Paroles du dieu qui vint à l'existence de lui-même, qui créa le ciel, la terre et l'eau, le souffle de la vie et le feu, les divinités et les hommes, le bétail, les serpents, les oiseaux et les poissons ; le roi des hommes et des dieux réunis dont les limites vont au-delà des années, et possédant beaucoup de noms, inconnus de celui-ci ou inconnus de celui-là.

Isis était une femme intelligente ; son cœur était plus habile que celui de millions d'hommes ; elle avait plus de discernement qu'un million de dieux ; elle était plus judicieuse qu'un million d'esprits. Elle n'ignorait rien de ce qui était dans le ciel et sur la terre, à l'égal de Rê, qui avait créé ce qui est sur la terre. Mais elle souhaitait, en son cœur, connaître le nom de ce dieu auguste.

Rê, chaque jour, entrait à la tête de son équipage et s'asseyait sur le trône des Deux Horizons. Le grand âge du dieu rendait sa bouche molle ; aussi laissait-il tomber sa salive sur le sol, ou bien il crachait en la jetant à terre. Isis (un jour) la pétrit en ses mains avec la terre sur laquelle elle se trouvait ; elle lui donna la forme d'un serpent sacré, et le modela tel un trait prêt à s'élancer. Mais, devant elle, il ne bougea pas ; aussi put-elle le placer à la croisée des chemins que le dieu auguste avait coutume de suivre, selon son désir, sur le Double Pays.

Le dieu fit son apparition hors des portes de son palais, tandis que les divinités du palais étaient en sa suite, afin de se promener, comme chaque jour. Alors le serpent sacré le mordit, et le feu de la vie sortit de lui, puis l'animal se cacha dans les roseaux. Le dieu ouvrit la bouche et la voix de Sa Majesté atteignit le ciel. Son Ennéade dit : " Qu'est-ce donc ? Qu'est-ce donc ? " ; ses dieux dirent : " Quoi donc ? Quoi donc ? " Il ne pouvait leur répondre, ses lèvres tremblaient, ses membres étaient secoués, car le poison avait pris possession de son corps, de même que le grand Nil charrie tout derrière lui.

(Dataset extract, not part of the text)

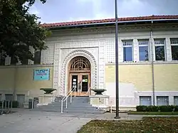 The Vermont Square Branch was designated as a Historic-Cultural Monument (#264) by the Los Angeles Cultural Heritage Commission in June 1983 as the oldest remaining library in the city system.[1][3] In 1987, the Lincoln Heights Branch and several other branch libraries in Los Angeles were added to the National Register of Historic Places as part of a thematic group submission.[4] The application noted that the branch libraries had been constructed in a variety of period revival styles to house the initial branch library system of the City of Los Angeles. With respect to the Vermont Branch, the application described the building as "a one-story structure designed in the Italian Renaissance Revival and Mediterranean Revival style with Prairie style proportions."[4] It rests on a raised foundation and is topped by a red tile roof supported by broad overhanging eaves. The symmetrical facade is divided into three sections with the center portion protruding slightly. The center portion is fronted with terra cotta blocks with geometric patterns reminiscent of Classical motifs. The entry is located on a landing midway up the stairs. The top half of the staircase is located inside the building. Both wings are horizontally divided with two different facing materials. Cream-colored glazed brick covers the exterior walls below the window sills. Long vertical windows are arranged high on the walls, grouped in bands of five on either side of the entry.[4]

Le grand dieu affermit alors son cœur et il appela ceux qui étaient en sa suite : " Venez à moi, vous qui êtes venus à l'existence hors de mon corps, dieux qui êtes issus de moi, afin que je vous fasse connaître ce qui m'est arrivé. Une chose douloureuse m'a mordu. Mon cœur ne la connaît pas, mes yeux ne l'ont pas vue, ma main ne l'a pas faite. Je ne reconnais en elle aucun des éléments de ma création. Mais je n'ai jamais ressenti une souffrance comme celle-là ; il n'y a rien de plus pénible que cela. Je suis un Souverain, fils de Souverain, une semence divine venue à l'existence comme dieu. Je suis le Grand, fils du Grand, celui dont le nom fut pensé par son père. J'ai beaucoup de noms et beaucoup de formes. Ma forme est aussi en chaque dieu. Je suis celui que l'on appelle Atoum et Horus le loué. Mon père et ma mère m'ont dit mon nom, et je l'ai caché en mon corps hors de portée de mes enfants de peur qu'un pouvoir soit donné à un magicien contre moi. Or je sortais pour voir ce que j'avais créé, je me promenais sur le Double Pays que j'avais fait, lorsqu'une chose me mordit que je ne connais point. Ce n'est pas le feu, ce n'est pas l'eau, mais mon cœur brûle, mon corps tremble et mes membres ont froid. Que mes enfants, les dieux me soient amenés, avec des paroles bénéfiques - les dieux qui savent les formules magiques et dont la connaissance atteint le ciel ".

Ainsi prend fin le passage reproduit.